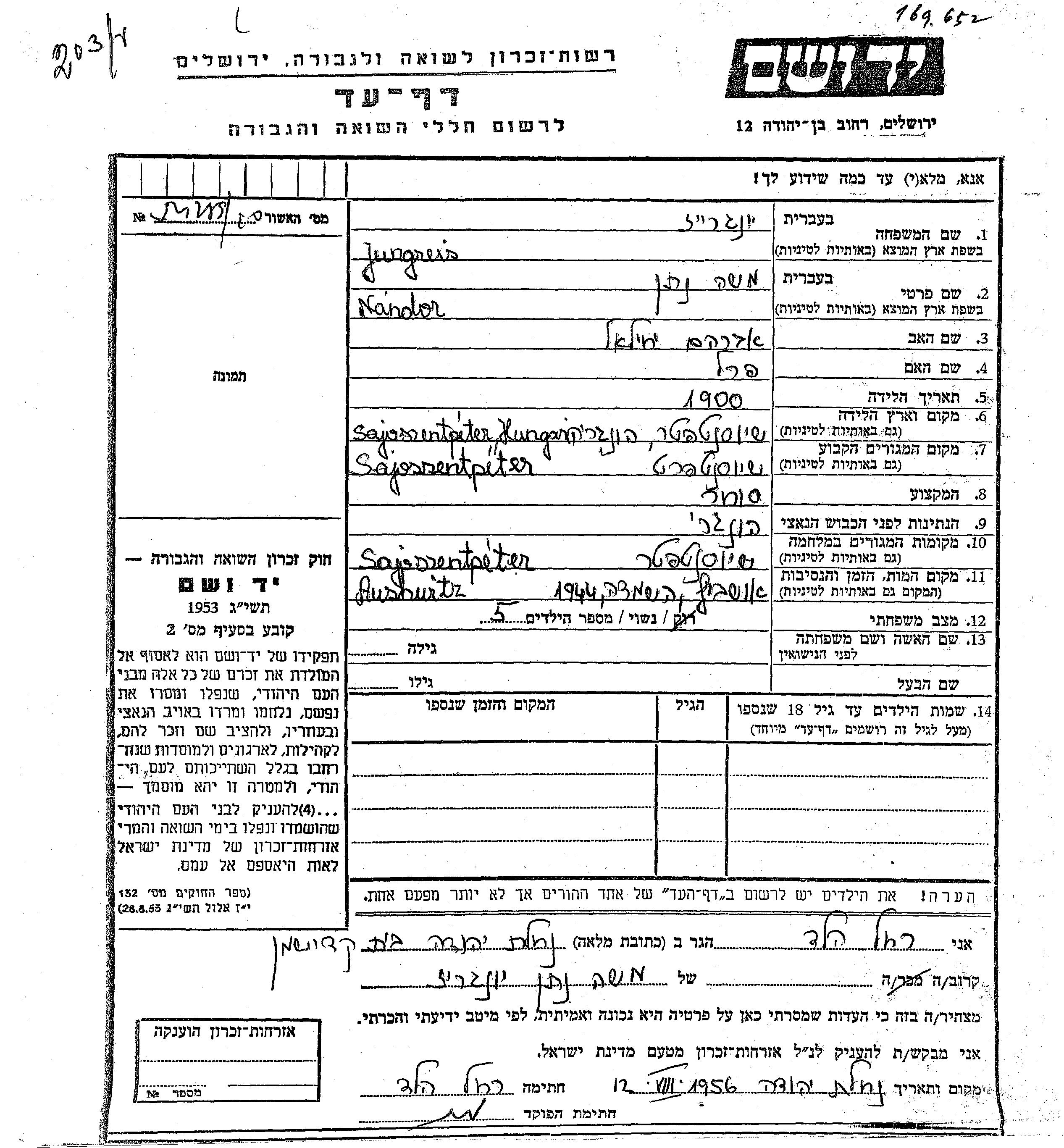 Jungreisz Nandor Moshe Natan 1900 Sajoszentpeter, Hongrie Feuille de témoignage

...

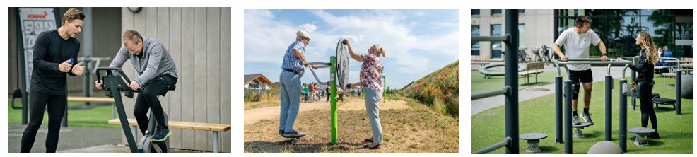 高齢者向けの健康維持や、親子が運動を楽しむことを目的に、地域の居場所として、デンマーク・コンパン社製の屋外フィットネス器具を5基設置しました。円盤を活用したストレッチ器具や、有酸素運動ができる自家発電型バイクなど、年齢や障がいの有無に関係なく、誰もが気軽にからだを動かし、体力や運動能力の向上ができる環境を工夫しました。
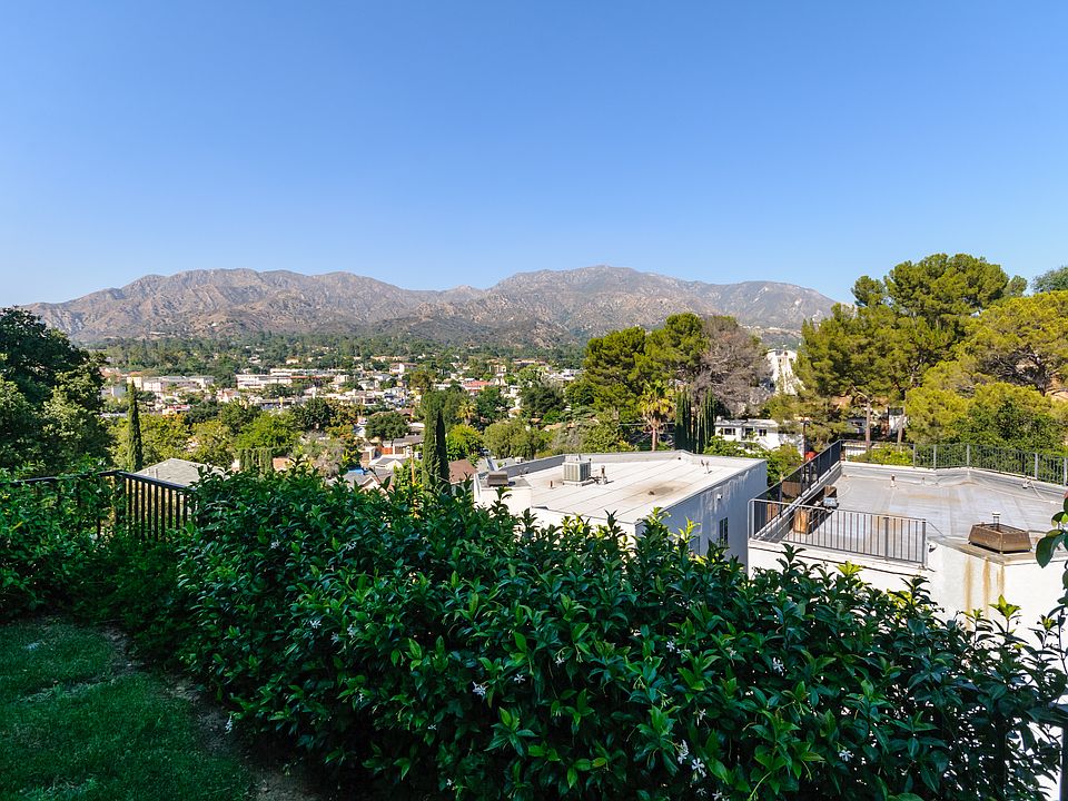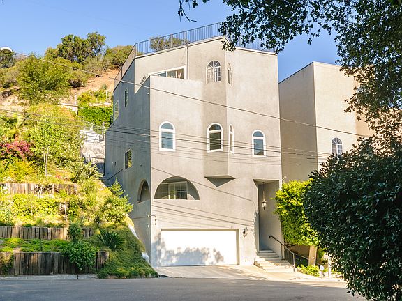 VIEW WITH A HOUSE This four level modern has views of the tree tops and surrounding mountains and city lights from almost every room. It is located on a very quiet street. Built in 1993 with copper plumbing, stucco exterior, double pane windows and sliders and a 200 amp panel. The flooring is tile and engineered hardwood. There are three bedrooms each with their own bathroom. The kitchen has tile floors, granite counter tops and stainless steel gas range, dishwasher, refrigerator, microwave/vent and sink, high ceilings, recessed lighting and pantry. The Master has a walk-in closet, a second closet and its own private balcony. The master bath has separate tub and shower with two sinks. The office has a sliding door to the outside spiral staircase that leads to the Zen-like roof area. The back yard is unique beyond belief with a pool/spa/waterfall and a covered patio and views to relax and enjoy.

How to complete this task:
In the records above, everything from the line with "高齢者向けの健康維持や、親子" down to the line with "VIEW WITH A" is to be set down exactly, both ends included, with no pictures and no other lines.

Result of this task:
 高齢者向けの健康維持や、親子が運動を楽しむことを目的に、地域の居場所として、デンマーク・コンパン社製の屋外フィットネス器具を5基設置しました。円盤を活用したストレッチ器具や、有酸素運動ができる自家発電型バイクなど、年齢や障がいの有無に関係なく、誰もが気軽にからだを動かし、体力や運動能力の向上ができる環境を工夫しました。
 VIEW WITH A HOUSE This four level modern has views of the tree tops and surrounding mountains and city lights from almost every room. It is located on a very quiet street. Built in 1993 with copper plumbing, stucco exterior, double pane windows and sliders and a 200 amp panel. The flooring is tile and engineered hardwood. There are three bedrooms each with their own bathroom. The kitchen has tile floors, granite counter tops and stainless steel gas range, dishwasher, refrigerator, microwave/vent and sink, high ceilings, recessed lighting and pantry. The Master has a walk-in closet, a second closet and its own private balcony. The master bath has separate tub and shower with two sinks. The office has a sliding door to the outside spiral staircase that leads to the Zen-like roof area. The back yard is unique beyond belief with a pool/spa/waterfall and a covered patio and views to relax and enjoy.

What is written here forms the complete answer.